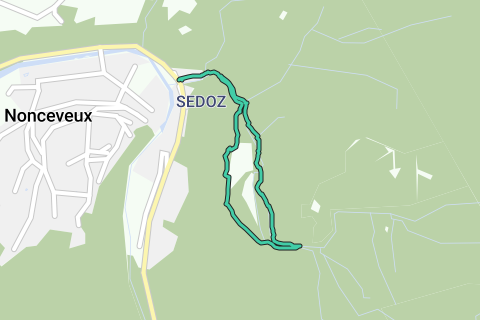 Der Spaziergang beginnt auf dem Parkplatz des Tals der Ninglinspo in Richtung Wald und überquert den Bach des Vieux Chera. Anschließend verläuft der Weg parallel zum Waldbach Ninglinspo in Richtung eines Kiefernwaldes, um dann zu den "Crahay"-Felsen abzusteigen und deren Spitze zu erreichen. Der Spaziergang führt dann ins Tal zurück. Rückkehr zum Parkplatz. Waldanteil: 92%.
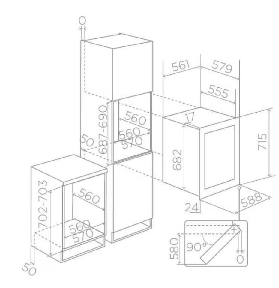 Устройство оборудовано стеклянной дверью, которая позволяет максимально рассмотреть содержимое, не открывая камеру. Внутри установлены LED-лампы. Управление обеспечивает кнопочная панель, индикаторы показывают выбранный режим. Габариты шкафа — 71,5х58,8х57,9 см, вес — 41 кг. Для монтажа используется ниша размером 68,7х56х56 см.
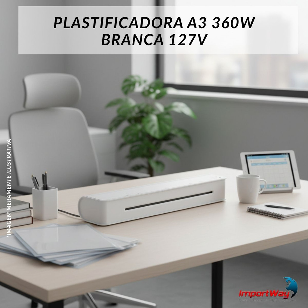 Plastificadora A3 360w 127v Documentos Escritório Branca Importway A solução ideal para proteger e conservar documentos, fotos, certificados e materiais escolares ou corporativos. Indicada para uso em escritórios, escolas e residências, proporciona acabamento uniforme, garantindo maior durabilidade contra umidade, sujeira e desgaste do tempo. Especificações: • Marca: Importway • Modelo: IWE014 • Potência: 360W • Voltagem (IWE014): 110-120V/60Hz Corrente: 3.0A • Tempo máximo de plastificação: 3 minutos • Largura máxima de laminação: 330 mm • Espessura máxima de laminação: 0,6mm • Velocidade máxima de laminação: 250mm/min • Botão frio e quente • Tempo de aquecimento: 3 a 4 minutos • Rolos: 2 unidades Conteúdo Embalagem: - 01 Plastificadora A3 360w 127v Documentos Escritório Branca Importway "Compra Garantida" - Ao Comprar conosco a sua compra é 100% garantida, o seu dinheiro está seguro até a entrega. *Imagens meramente ilustrativas Importway Importando Soluções com Qualidade, Inovação e Responsabilidade desde 2007.
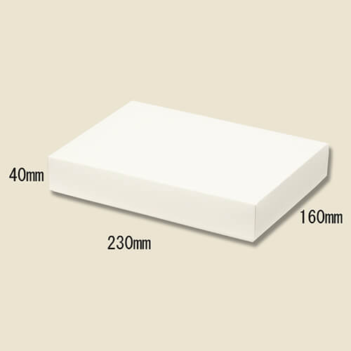 ギフト包装によく使用される形式の箱です。内・外ともにホワイト仕様ですが、表面にはストライプ状のエンボス加工が施された特殊紙を使用。シンプルながら高級かつ上品な仕上がりとなっています。ギフトセットやプレゼントのラッピングにいかがでしょうか。
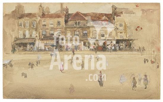 alb9531154 Facade of a row of three-storied houses and shop fronts; many small figures in the foreground; signed with the butterfly at upper right. Watercolor on paper. Origin: United States. Date: 1885-1886. Museum: Freer Gallery of Art and Arthur M. Sackler Gallery.

▸ **Problem statement**
Take the line that holds "Устройство оборудовано стеклянной" as the start and the last line of the data as the end. Copy only those lines exactly, both ends included, except the pictures.

▸ **Written solution**
 Устройство оборудовано стеклянной дверью, которая позволяет максимально рассмотреть содержимое, не открывая камеру. Внутри установлены LED-лампы. Управление обеспечивает кнопочная панель, индикаторы показывают выбранный режим. Габариты шкафа — 71,5х58,8х57,9 см, вес — 41 кг. Для монтажа используется ниша размером 68,7х56х56 см.
 Plastificadora A3 360w 127v Documentos Escritório Branca Importway A solução ideal para proteger e conservar documentos, fotos, certificados e materiais escolares ou corporativos. Indicada para uso em escritórios, escolas e residências, proporciona acabamento uniforme, garantindo maior durabilidade contra umidade, sujeira e desgaste do tempo. Especificações: • Marca: Importway • Modelo: IWE014 • Potência: 360W • Voltagem (IWE014): 110-120V/60Hz Corrente: 3.0A • Tempo máximo de plastificação: 3 minutos • Largura máxima de laminação: 330 mm • Espessura máxima de laminação: 0,6mm • Velocidade máxima de laminação: 250mm/min • Botão frio e quente • Tempo de aquecimento: 3 a 4 minutos • Rolos: 2 unidades Conteúdo Embalagem: - 01 Plastificadora A3 360w 127v Documentos Escritório Branca Importway "Compra Garantida" - Ao Comprar conosco a sua compra é 100% garantida, o seu dinheiro está seguro até a entrega. *Imagens meramente ilustrativas Importway Importando Soluções com Qualidade, Inovação e Responsabilidade desde 2007.
 ギフト包装によく使用される形式の箱です。内・外ともにホワイト仕様ですが、表面にはストライプ状のエンボス加工が施された特殊紙を使用。シンプルながら高級かつ上品な仕上がりとなっています。ギフトセットやプレゼントのラッピングにいかがでしょうか。
 alb9531154 Facade of a row of three-storied houses and shop fronts; many small figures in the foreground; signed with the butterfly at upper right. Watercolor on paper. Origin: United States. Date: 1885-1886. Museum: Freer Gallery of Art and Arthur M. Sackler Gallery.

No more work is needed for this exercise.